Work request
Only one stretch of the material below is wanted: everything from the line containing "Na snimcima koji" down to the line containing "Gdańsk, Nowy Ratusz.", both ends included. Repeat it exactly and skip the pictures.

------------------------

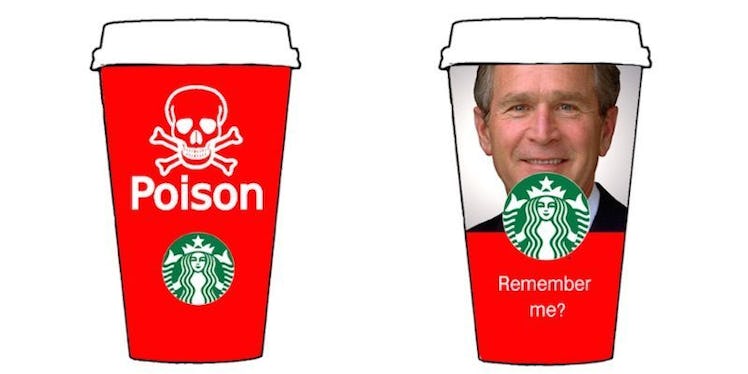 If somehow you haven't been on the Internet this week, let me explain: Starbucks, which usually has snowflakes and trees and stuff on its holiday-season cups, decided this year it would just make them red and green (you know, Christmas colors).
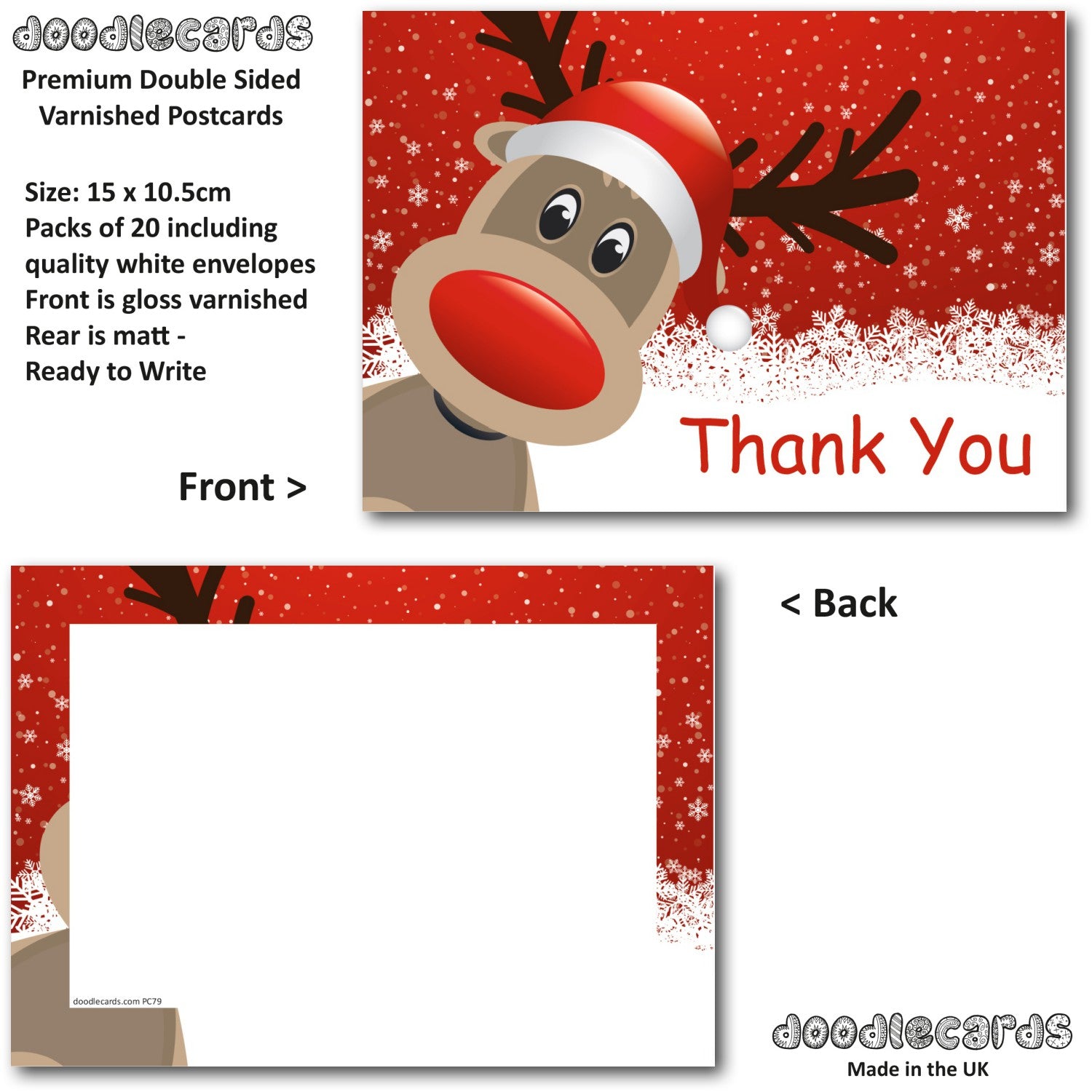 Christmas Thank You Cards Thankyou Red Rudolph Pack of 20 Cards & Envelopes
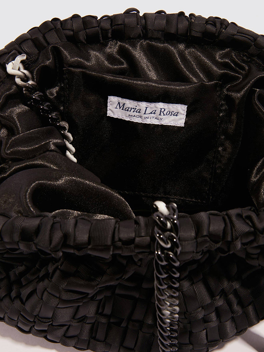 Small women's clutch in woven ribbon fabric, handmade on ancient looms.
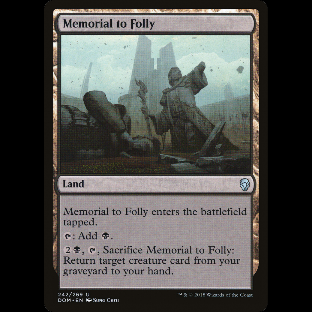 , , Sacrifice Memorial to Folly: Return target creature card from your graveyard to your hand.
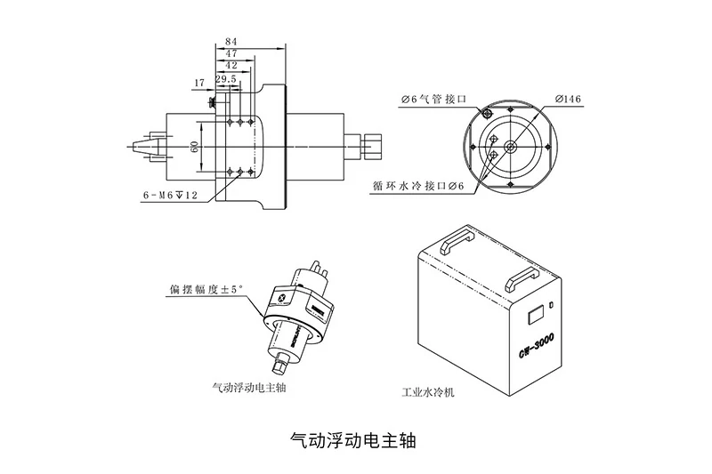 产品组成:1.浮动主轴体 2.高频变频器 3.工业水冷机
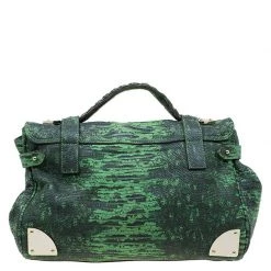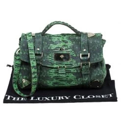 โAlexa’ is the hybrid of two Mulberry styles- Bayswater and Elkington. Constructed in a relaxed and slightly slouch silhouette, this Alexa bag features a green lizard embossed leather. Decorated with golden accents, two magnetic snap buckles and the logo plaque on the front flap, this cool satchel can be carried anywhere. Carry yours by the braided top handle or the shoulder strap.
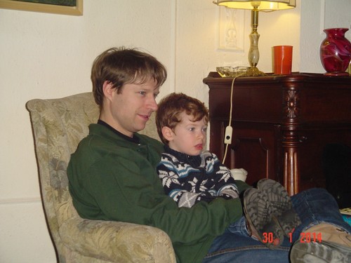 Papa is er, even sesamstraat afkijken, eerst op de bank en dan bij papa op schoot. Dan inpakken en naar huis, kunstwerken mee.
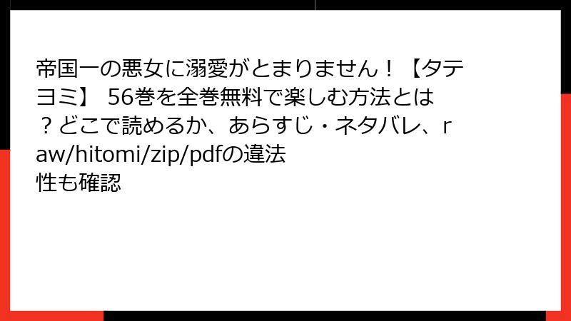 人気タテヨミコミック「帝国一の悪女に溺愛がとまりません!」を楽しむ方法として、海賊版サイト(raw、hitomi、zip、pdf、漫画バンクなど)が挙げられることがありますが、これらを利用する際のリスクは無視できません。この記事では、そんな海賊版サイトで読むことの潜在的な危険性をブログ形式で詳しく解説します。法的問題からセキュリティの脅威、倫理的な側面までを掘り下げ、なぜ正規ルートをおすすめするのかを考察します。海賊版は一見無料で便利ですが、長期的に見て損失が大きいことを理解しましょう。
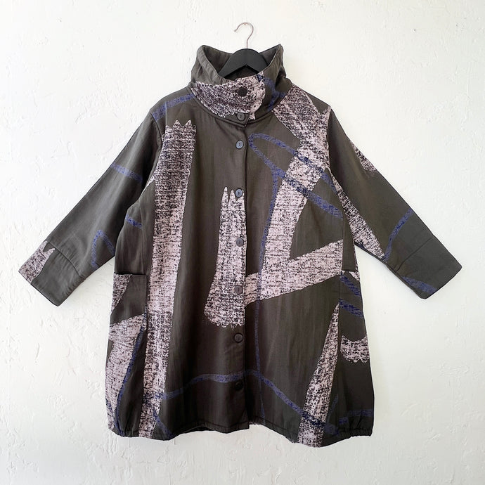 Mona Lisa | Cowl Neck Fleece Lined Jacket in Khaki Abstract Paint Print
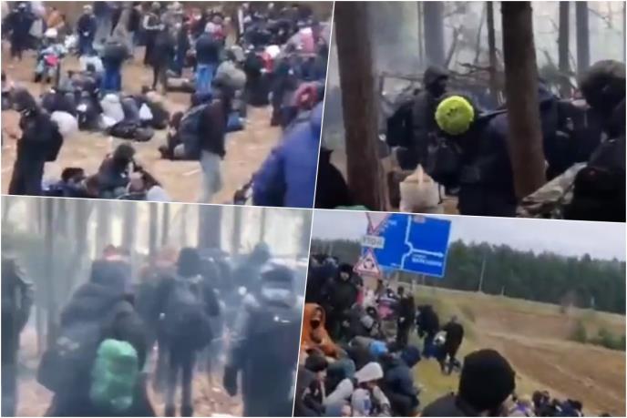 Na snimcima koji su se pojavili vide se naoružani službenici Državnog graničnog komiteta koji stoje sa psima i naoružanjem duž puta i usmeravaju kolne migranata ka šumi i poljskoj granici
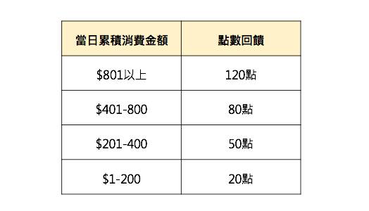 - 三間超商合併計算,消費級距擇優回饋,不得要求重複回饋次等級距之贈點
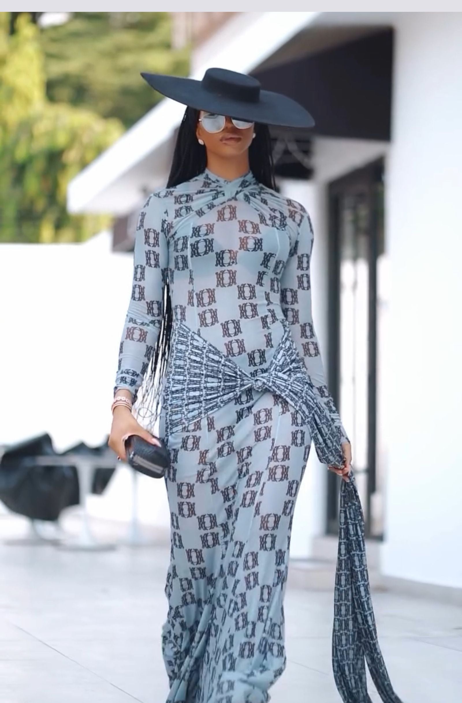 Expertly designed with mesh A-line fabric, this AMARYLLIS DRESS features a flattering wrap detail and anagram print. Comfortable and stylish, this dress is perfect for any occasion.
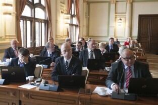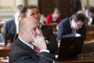 Gdańsk, Nowy Ratusz. Wrześniowa sesja Rady Miasta Gdańska. Nz. radny Jaromir Falandysz
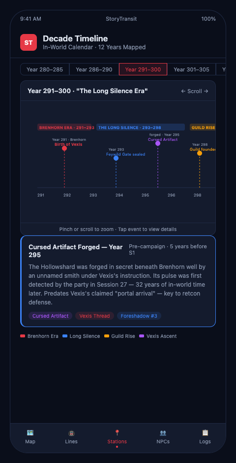 The DMs who manage decade-spanning campaigns successfully are not those with better memories. They are those who built a timeline architecture in year one that could absorb ten years of complexity without collapsing. StoryTransit's epoch-based transit map holds that complexity from the first session.

------------------------

Answer section
 Na snimcima koji su se pojavili vide se naoružani službenici Državnog graničnog komiteta koji stoje sa psima i naoružanjem duž puta i usmeravaju kolne migranata ka šumi i poljskoj granici
 - 三間超商合併計算,消費級距擇優回饋,不得要求重複回饋次等級距之贈點
 Expertly designed with mesh A-line fabric, this AMARYLLIS DRESS features a flattering wrap detail and anagram print. Comfortable and stylish, this dress is perfect for any occasion.
 Gdańsk, Nowy Ratusz. Wrześniowa sesja Rady Miasta Gdańska. Nz. radny Jaromir Falandysz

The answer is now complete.